An RF voltage is applied by the RF generator 6 between the specimen table 5, acting as a lower electrode, and the upper electrode 4. Matching of impedance is performed by the coupling capacitor 7 so that a plasma of the reactive gas is generated in the reaction chamber 1 and the surface of the specimen 8 is etched. Then, the back of the specimen 8 is firmly pressed to the surface of the specimen table 5 by the pressure of the clamp ring 9. The heat transfer efficiency between the specimen 8 and the specimen table 5 is high and heat from the specimen 8, raised by the plasma, is absorbed into the specimen table 5. If an operator is required to set the temperature of the specimen 8 higher or lower than room temperature, he sets the temperature of the specimen table 5 at a desired temperature beforehand. The temperature of the specimen 8 can be changed to a desired value in a short time because of thermal transfer efficiency.
In the dry etching apparatus, the surface of a specimen, such as a silicon wafer, is etched by the plasma of the reactive gas which is generated in the reaction chamber 1 and the temperature of the specimen 8 rises during the process because of heat transfer from the plasma. The dry etching apparatus has a fundamental problem in that various characteristics such as the etching rate, uniformity of the etching rate on the surface of the semiconductor wafer and various etching rates according to the difference of materials etched, change with a rise in the temperature of the specimen 8. Superior characteristics are manifested when the specimen 8 is set at an optimum temperature higher or lower than room temperature. As described above, temperature control of the specimen 8 is a very serious problem and an attempt is made to control the temperature of the specimen 8 by controlling the contact between the specimen 8 and the specimen table 5.

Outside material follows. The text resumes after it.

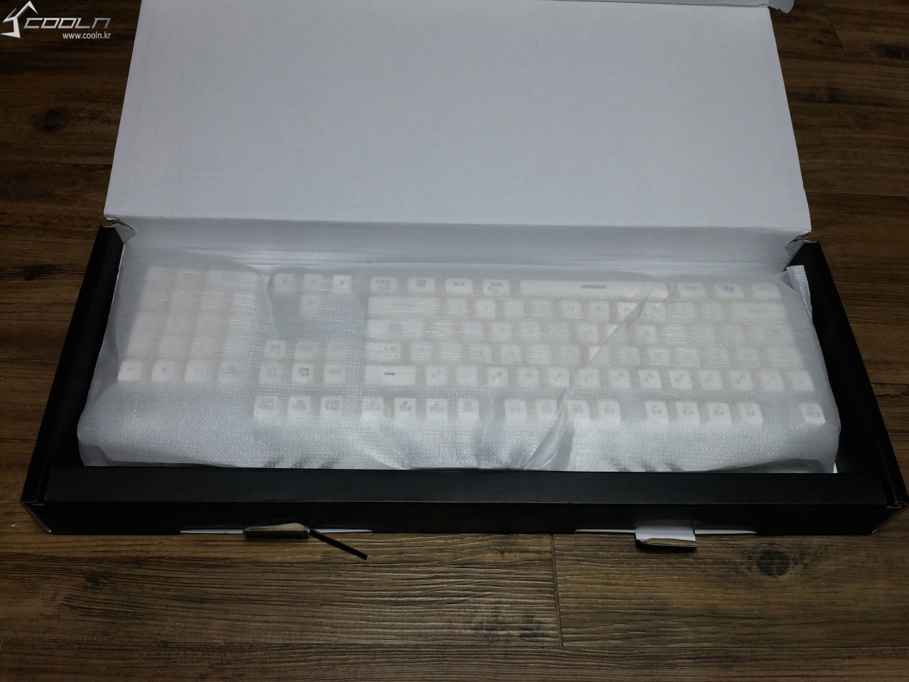 박스를 개봉 하였습니다. 특이한 점으로는 키보드가 반대 방향으로 누워 있습니다.

In the above-described vacuum-treatment apparatus, in order to control the temperature of the specimen 8, i.e. to make the specimen 8 the same temperature as the specimen table 5, the specimen 8 is pressed against the specimen table 5 by using a mechanism in which the clamp pins 10 are moved up and down by the driving unit. Therefore, the construction of members such as clamp pins 10 and holes, through which the clamp pins 10 pass, is complicated and because there are many surfaces mechanically in contact one another, the amount of dust-generation is increased. This is a problem of semiconductor manufacturing apparatus. Such dust-generation must be sufficiently controlled in future semiconductor manufacturing apparatus which will require more precision.